Однако мое заикание полностью проходило — от него оставалась лишь короткая заминка в начале каждой фразы — в те дни, когда не было занятий, и я могла отправиться в город в клуб YMCA[39]. Клуб «Маяк», расположенный в доме № 40 по улице Брусе, сохранится надолго в памяти многих посещавших его русских, чья юность прошла в Константинополе, как самое приятное место встреч. Как настоящий семейный очаг. Никакой роскоши, но какая-то особенная атмосфера, заставлявшая забывать о нашем затруднительном положении. Директор «Маяка» мистер Андерсон живет теперь в Соединенных Штатах, но продолжает заниматься делами YMCA. Возможно, он получит удовольствие, читая эти воспоминания о русской привычке к беспорядку, которую он терпел со свойственным ему великодушием, оставаясь всегда невозмутимым, а то и в хорошем настроении.
У меня было четыре товарища, которых прозвали «тремя мушкетерами». Они находились в лучшем положении, чем другие юноши, благодаря знанию английского языка, что позволило им стать курьерами при Генеральном штабе британской армии: Паттон, Усов, Морозов, Задонский. Первый из них уедет в Соединенные Штаты, но я вновь встречу в Париже Диму Усова, который станет одним из самых моих любимых певцов русских ночных кабачков.
А в то время мушкетерам было всего лишь по пятнадцать-шестнадцать лет, они были одеты в британскую военную форму и гораздо лучше обеспечены, чем я. Благодаря знакомству с ними у меня появилась возможность смотреть не только содержательные фильмы. Это была эпоха Пирл Уайт. Сразу после полудня мы входили в жалкий, полупустой зал, естественно, по самым дешевым билетам. Билетерша бесцеремонно сажала нас на первый ряд, перед оркестровой ямой, где бренчала на пианино таперша, какая-нибудь старая седая дама, конечно же, из русских. Показ фильмов — непрерывный, и мы смотрели их часами, до боли в шее, вертя и вытягивая ее, чтобы увидеть на высоко подвешенном экране искаженное, дрожащее изображение. Вот Пирл Уайт, похищенная каким-то негодяем, с кляпом во рту и с задранной юбкой лежит, как ощипанная курица, поперек седла своего похитителя, в то время как из городка с деревянными домиками бросается за ним в погоню, сжав челюсти и положив руку на огромный пистолет, влюбленный шериф. А вот Пирл Уайт с расширенными от ужаса глазами видит, как в ее комнату проникает богач, которому она оказала сопротивление. (В ту эпоху полагалось, чтобы не поддавались легко на мужские ухаживания.)
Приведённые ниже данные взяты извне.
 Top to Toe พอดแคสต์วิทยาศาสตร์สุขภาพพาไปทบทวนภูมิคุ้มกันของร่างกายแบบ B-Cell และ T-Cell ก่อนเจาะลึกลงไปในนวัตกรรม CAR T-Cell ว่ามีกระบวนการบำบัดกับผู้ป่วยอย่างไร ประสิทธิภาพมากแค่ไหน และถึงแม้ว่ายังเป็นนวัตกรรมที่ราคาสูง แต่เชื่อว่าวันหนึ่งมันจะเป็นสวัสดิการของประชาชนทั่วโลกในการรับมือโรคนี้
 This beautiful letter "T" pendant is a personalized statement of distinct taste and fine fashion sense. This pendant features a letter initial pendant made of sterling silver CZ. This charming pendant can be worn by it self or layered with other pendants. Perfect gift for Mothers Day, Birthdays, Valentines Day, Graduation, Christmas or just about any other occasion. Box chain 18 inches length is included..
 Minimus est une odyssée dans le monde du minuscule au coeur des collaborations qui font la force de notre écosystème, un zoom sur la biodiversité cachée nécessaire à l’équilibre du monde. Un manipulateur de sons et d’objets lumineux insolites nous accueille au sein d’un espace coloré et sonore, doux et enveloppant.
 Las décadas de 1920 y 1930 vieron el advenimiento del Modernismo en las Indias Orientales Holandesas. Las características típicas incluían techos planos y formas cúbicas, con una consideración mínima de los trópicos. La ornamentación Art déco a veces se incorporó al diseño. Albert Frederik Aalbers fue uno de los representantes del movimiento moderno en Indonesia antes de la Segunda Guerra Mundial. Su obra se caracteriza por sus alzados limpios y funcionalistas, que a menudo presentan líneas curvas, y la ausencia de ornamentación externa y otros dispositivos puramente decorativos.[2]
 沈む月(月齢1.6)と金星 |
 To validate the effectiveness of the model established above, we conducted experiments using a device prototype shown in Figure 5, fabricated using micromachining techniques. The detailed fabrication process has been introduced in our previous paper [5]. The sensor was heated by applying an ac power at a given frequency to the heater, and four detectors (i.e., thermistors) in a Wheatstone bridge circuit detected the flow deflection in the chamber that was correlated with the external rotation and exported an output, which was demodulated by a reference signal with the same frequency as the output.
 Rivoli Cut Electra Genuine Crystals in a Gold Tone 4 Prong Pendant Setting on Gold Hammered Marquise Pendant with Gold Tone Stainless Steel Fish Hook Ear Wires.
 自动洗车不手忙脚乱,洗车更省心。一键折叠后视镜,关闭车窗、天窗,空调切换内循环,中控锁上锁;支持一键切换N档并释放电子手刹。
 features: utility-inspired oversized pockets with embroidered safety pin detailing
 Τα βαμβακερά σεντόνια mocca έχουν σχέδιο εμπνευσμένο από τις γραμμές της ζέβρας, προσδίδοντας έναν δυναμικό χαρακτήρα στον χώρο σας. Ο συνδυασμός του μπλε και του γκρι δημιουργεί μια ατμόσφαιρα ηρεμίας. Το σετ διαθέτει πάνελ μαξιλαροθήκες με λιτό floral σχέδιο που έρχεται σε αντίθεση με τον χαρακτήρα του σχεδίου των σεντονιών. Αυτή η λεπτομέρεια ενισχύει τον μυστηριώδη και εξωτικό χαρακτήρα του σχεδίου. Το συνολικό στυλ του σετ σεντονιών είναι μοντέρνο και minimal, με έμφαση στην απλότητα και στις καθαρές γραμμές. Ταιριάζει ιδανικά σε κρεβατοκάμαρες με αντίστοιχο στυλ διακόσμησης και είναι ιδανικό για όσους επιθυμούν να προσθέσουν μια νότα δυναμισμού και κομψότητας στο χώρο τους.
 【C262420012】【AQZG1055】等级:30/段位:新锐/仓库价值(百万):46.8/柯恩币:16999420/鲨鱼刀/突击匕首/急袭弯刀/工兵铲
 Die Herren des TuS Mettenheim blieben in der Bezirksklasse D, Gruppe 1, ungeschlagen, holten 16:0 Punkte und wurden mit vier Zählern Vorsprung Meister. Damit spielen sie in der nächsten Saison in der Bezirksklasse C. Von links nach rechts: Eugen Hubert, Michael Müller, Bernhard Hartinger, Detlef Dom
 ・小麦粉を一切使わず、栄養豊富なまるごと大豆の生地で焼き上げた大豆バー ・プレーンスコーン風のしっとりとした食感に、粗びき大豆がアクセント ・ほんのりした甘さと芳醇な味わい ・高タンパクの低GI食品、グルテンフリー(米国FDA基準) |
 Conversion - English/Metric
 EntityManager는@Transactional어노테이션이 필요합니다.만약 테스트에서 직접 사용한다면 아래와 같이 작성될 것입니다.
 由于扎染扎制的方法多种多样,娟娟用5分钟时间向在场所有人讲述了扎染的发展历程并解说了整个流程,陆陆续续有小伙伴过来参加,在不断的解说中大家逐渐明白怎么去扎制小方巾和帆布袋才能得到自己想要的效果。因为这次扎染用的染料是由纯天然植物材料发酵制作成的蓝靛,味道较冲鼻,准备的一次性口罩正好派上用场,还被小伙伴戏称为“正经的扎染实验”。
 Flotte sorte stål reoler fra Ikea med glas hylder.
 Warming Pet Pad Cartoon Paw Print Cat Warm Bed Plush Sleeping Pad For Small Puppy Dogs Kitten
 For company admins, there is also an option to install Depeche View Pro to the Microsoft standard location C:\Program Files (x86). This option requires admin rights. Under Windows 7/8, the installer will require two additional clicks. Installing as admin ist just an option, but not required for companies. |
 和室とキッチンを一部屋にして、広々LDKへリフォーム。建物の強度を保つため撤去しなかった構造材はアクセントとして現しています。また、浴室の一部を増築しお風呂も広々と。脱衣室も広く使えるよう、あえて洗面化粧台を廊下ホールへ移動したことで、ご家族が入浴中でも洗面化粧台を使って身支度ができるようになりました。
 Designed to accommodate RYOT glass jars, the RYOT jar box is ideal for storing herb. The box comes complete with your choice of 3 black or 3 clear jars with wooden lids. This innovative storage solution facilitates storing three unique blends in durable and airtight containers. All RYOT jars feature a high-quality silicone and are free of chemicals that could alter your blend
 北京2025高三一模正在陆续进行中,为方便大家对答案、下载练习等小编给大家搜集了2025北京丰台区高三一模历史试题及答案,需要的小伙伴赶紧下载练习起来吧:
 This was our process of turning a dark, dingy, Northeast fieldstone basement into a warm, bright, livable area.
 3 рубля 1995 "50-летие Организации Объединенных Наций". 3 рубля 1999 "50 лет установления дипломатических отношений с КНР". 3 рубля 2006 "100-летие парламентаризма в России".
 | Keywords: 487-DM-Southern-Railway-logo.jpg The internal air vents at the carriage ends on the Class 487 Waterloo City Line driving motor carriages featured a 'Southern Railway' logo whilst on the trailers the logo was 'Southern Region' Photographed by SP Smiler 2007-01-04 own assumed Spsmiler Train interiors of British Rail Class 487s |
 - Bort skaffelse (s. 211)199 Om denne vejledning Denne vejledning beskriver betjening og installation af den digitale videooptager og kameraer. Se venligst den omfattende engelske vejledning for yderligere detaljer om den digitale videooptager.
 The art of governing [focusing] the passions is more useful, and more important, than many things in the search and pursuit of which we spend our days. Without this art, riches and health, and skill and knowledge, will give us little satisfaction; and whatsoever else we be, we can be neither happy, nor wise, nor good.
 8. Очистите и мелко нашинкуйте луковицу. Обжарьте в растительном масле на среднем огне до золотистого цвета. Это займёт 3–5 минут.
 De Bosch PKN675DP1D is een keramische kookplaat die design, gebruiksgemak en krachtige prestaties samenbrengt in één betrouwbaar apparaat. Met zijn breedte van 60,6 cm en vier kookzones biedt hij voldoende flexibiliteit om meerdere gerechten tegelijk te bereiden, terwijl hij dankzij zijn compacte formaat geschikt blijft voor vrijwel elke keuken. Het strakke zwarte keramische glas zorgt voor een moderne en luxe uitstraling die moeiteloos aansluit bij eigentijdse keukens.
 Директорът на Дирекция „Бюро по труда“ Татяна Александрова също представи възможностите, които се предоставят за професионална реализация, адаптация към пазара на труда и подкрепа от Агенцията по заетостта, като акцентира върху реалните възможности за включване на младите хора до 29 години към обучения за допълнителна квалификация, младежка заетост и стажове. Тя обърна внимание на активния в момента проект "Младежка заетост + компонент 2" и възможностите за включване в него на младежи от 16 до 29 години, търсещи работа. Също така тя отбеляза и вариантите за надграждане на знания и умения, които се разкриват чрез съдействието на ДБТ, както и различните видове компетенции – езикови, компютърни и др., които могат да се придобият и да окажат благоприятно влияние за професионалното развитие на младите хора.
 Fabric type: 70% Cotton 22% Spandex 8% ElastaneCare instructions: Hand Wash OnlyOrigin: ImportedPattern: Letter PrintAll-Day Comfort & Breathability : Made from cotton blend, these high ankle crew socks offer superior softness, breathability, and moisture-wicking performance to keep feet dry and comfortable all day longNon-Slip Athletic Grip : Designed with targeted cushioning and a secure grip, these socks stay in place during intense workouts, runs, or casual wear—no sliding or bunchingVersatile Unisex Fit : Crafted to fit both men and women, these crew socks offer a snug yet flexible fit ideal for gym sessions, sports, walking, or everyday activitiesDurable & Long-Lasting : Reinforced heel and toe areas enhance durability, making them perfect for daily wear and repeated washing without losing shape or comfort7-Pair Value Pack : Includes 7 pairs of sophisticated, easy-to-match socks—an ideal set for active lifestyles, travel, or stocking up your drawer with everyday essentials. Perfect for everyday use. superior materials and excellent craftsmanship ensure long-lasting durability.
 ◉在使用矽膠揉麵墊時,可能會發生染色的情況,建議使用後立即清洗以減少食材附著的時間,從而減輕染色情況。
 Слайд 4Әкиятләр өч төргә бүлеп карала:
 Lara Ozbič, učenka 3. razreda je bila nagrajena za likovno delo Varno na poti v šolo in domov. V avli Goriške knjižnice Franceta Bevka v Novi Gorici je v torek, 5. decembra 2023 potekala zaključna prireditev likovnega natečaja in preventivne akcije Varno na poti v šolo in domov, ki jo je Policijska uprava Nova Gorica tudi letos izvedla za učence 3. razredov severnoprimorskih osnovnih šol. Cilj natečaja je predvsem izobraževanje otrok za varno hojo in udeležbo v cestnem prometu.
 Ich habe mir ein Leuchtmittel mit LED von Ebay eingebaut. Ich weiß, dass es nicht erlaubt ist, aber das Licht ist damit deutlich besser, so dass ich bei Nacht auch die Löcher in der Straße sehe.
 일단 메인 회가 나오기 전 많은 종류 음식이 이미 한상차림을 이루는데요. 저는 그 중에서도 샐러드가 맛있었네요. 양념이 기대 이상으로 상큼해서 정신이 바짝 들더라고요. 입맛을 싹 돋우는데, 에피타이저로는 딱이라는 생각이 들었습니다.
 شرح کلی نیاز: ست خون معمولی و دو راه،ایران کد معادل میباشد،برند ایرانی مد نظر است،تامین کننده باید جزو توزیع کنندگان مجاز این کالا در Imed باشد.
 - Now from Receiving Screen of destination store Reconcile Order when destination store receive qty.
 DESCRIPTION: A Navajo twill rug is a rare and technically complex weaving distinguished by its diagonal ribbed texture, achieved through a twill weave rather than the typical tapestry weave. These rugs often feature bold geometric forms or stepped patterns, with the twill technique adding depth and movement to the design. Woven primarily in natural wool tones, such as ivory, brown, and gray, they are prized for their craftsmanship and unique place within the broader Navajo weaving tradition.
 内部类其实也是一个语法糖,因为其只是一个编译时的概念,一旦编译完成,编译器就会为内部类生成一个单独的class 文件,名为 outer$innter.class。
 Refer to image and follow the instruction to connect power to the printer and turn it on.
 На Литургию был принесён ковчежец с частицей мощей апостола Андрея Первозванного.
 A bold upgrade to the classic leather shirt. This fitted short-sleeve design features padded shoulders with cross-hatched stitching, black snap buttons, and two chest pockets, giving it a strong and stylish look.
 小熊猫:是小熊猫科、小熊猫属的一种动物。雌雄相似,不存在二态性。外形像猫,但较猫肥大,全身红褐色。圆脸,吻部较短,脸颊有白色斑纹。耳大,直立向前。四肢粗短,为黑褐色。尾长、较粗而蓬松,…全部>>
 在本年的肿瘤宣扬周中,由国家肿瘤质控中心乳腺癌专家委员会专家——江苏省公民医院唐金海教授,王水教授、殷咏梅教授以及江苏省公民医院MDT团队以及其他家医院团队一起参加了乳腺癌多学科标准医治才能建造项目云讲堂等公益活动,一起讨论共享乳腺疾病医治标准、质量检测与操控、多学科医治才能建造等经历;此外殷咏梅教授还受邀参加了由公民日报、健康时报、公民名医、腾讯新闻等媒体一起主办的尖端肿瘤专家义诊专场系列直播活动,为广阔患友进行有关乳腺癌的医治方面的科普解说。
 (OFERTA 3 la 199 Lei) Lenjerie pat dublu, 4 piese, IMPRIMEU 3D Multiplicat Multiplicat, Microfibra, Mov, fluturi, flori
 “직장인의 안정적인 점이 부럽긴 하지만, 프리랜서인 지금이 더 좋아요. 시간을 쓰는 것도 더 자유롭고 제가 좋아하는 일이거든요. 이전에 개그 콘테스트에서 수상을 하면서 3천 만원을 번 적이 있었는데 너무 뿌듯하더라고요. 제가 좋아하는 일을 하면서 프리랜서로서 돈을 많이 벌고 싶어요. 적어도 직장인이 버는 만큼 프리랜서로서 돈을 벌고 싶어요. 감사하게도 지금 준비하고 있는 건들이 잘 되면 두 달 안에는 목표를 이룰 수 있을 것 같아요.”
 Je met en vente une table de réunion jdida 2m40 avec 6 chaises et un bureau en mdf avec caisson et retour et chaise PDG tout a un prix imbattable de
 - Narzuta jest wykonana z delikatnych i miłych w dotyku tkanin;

«На этот раз она ему уступит! Это точно!» — восклицал возбужденный Задонский. Но Паттон призывает его соблюдать приличия из уважения ко мне. Тем временем Пирл Уайт, снова связанную веревками, бандиты кладут на рельсы железной дороги, и вот она уже видит, с понятной тревогой, приближающийся паровоз, который должен ее раздавить. Но и тут на помощь красавице приходит скачущий во весь опор по дикой равнине, безжалостно пришпоривая своего коня, влюбленный шериф. Одним движением он стаскивает Пирл с железнодорожного полотна в тот самый момент, когда по рельсам вихрем проносится окутанный черными клубами поезд. Фильм, как всегда, кончался долгим поцелуем, свет гас, а потом опять зажигался, но мы и не думали вставать с кресел, готовые дважды или трижды переживать одно и то же великолепное приключение.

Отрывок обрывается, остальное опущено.